Senator Ron Johnson, a Wisconsin Republican, said at an Oct. 11 Bloomberg breakfast that the administration should try “to calm the markets, not scare them.”

“Responsible leadership wouldn’t be going out there going, ‘There’s going to be catastrophe coming,’” Johnson said, referring to comments by Obama and Lew warning of dire consequences if the U.S. can’t make all its payments.

Hewing Line

Senators Orrin Hatch of Utah and Rob Portman of Ohio have said deficit-reduction packages over the last 30 years were agreed to within the context of the debt ceiling. By not negotiating, the administration is departing from normal practice, they said.

“He’s hewing to the line,” Hatch said in an Oct. 7 interview. “I’m one who likes Secretary Lew, but to be honest with you he’s been very partisan on all this. He is the most partisan secretary of the Treasury that I’ve seen since I’ve been here.” Hatch became a senator in 1977.

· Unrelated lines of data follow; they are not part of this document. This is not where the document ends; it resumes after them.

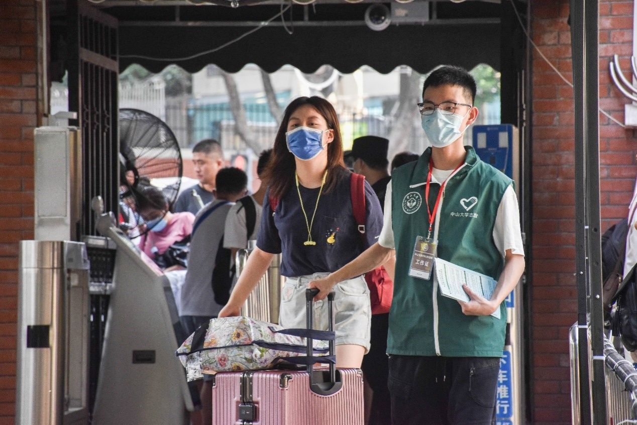 中大新闻网广州9月1日电(记者吴立坚、周沫、涂文熙)8月31日至9月1日,有着百年历史的best365中国官方网站广州校区南校园“康乐园”迎来2022级本科新生,超过8000名本科新生将在这里开启新的追梦之旅。这也是中大20余年来首次在广州校区南校园统一迎接所有大一新生,并开展军训。best365中国官方网站党委书记陈春声教授、校长高松院士一早便在校园各迎新点和服务站点了解迎新情况,看望和慰问工作人员,并到学生宿舍走访看望部分新生代表。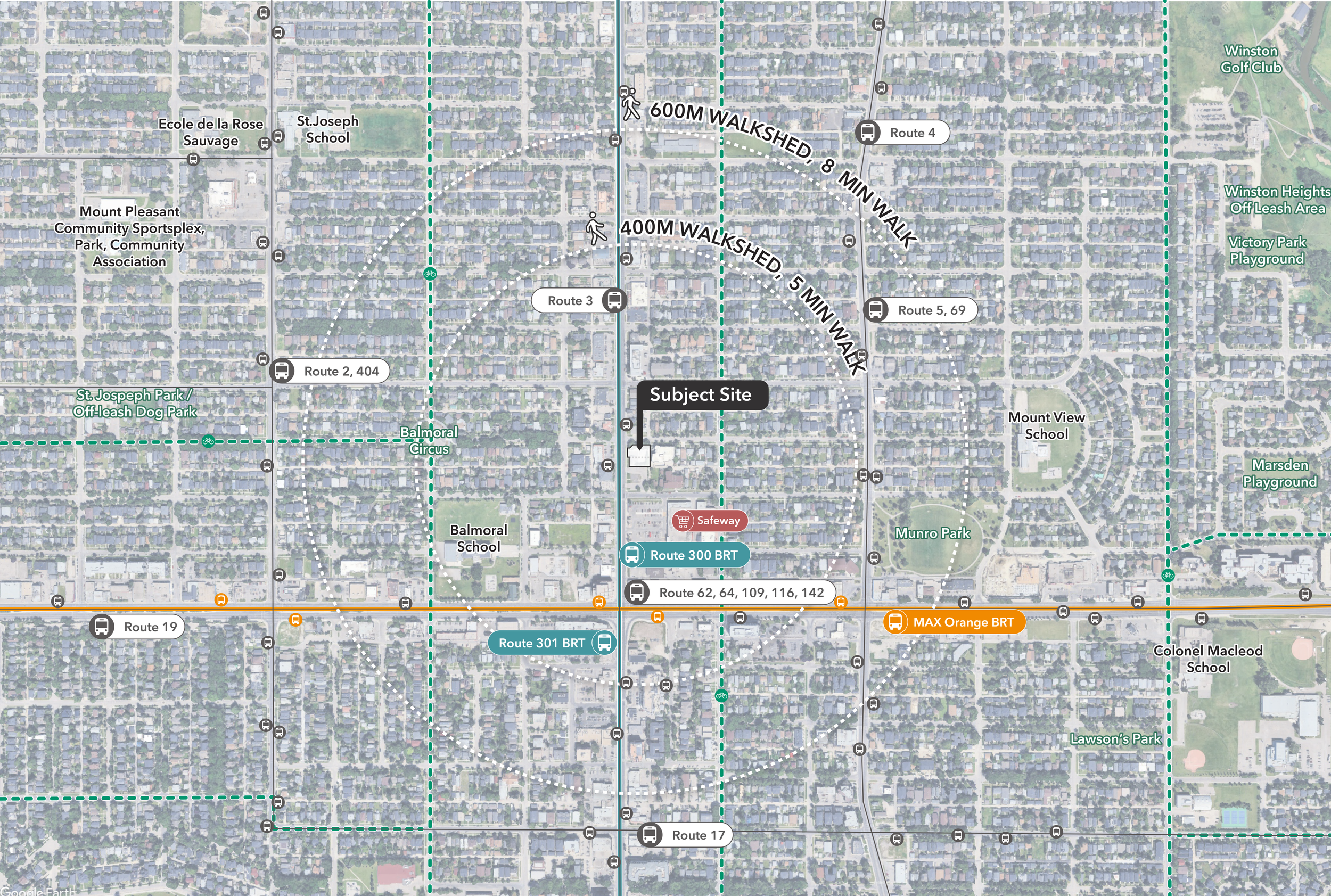 The site’s strong connections to the broader road, transit, and active mobility networks make it well-positioned to accommodate new residential and commercial-retail uses. Vehicle access will be provided via the rear laneway, while pedestrian access to the building and storefronts is oriented toward Centre ST N and 19 AV NE, reinforcing a pedestrian-friendly, street-facing interface along Centre ST N.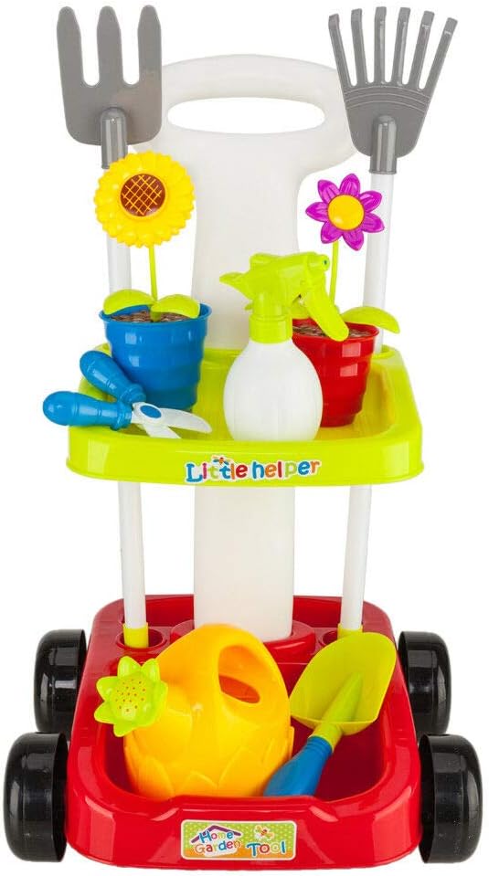 Home Garden Tool Set for Kids Toys w / cart to carry your favorite tools. includes: cart, broom, bucket, rake, sprayer, dust brush, shovel, shower with wheels, scissors, 2 hand tools, 2 water the plants. Cart with wheels and 2 levels for easy manipulation of tools and transfer. Girls can help their parents or grandmothers in the garden of their home. They will be able to rake, water the plants, make holes, prune and many other things. Imitation and learning game. Home Garden Tool Set for Kids Toys w / cart to carry your favorite tools. Includes: cart, broom, bucket, rake, sprayer, dust brush, shovel, shower with wheels, scissors, 2 hand tools, 2 water the plants. Imitation and learning game.
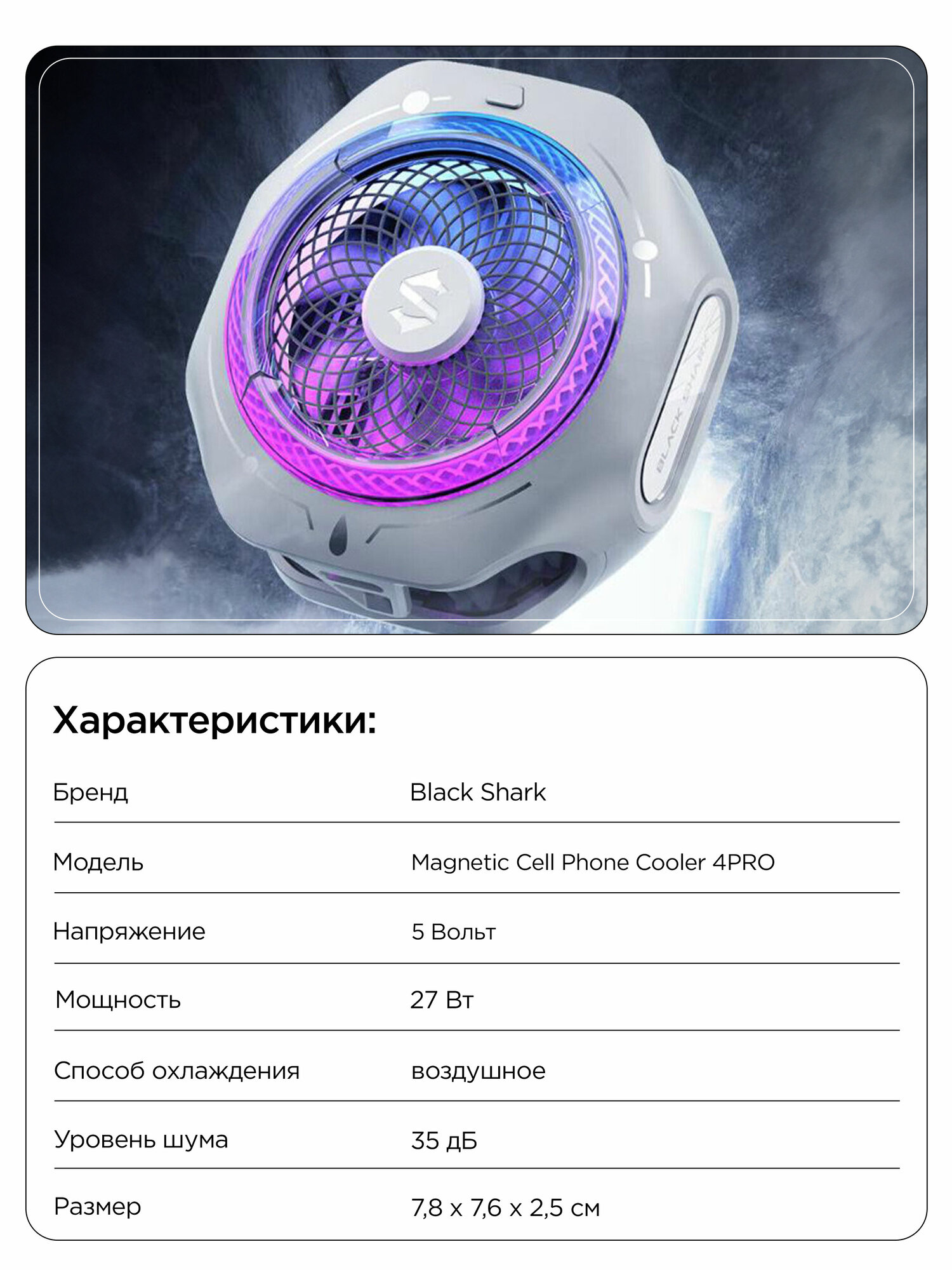 | Дополнительная информация | Мобильное приложение: есть (SharkCooler). Управление через приложение: скорость, подсветка, таймер |

Lew has spoken to or met with at least a half-dozen Republicans in Congress on the debt limit and with the entire Senate Finance Committee in private, according to the Treasury Department. He also attended Obama’s talks with House Republican leaders on Oct. 10 and Senate Republicans on Oct. 11.

At those meetings, he dispenses with small talk and gets “pretty much straight to business,” said Representative James Lankford, an Oklahoma Republican.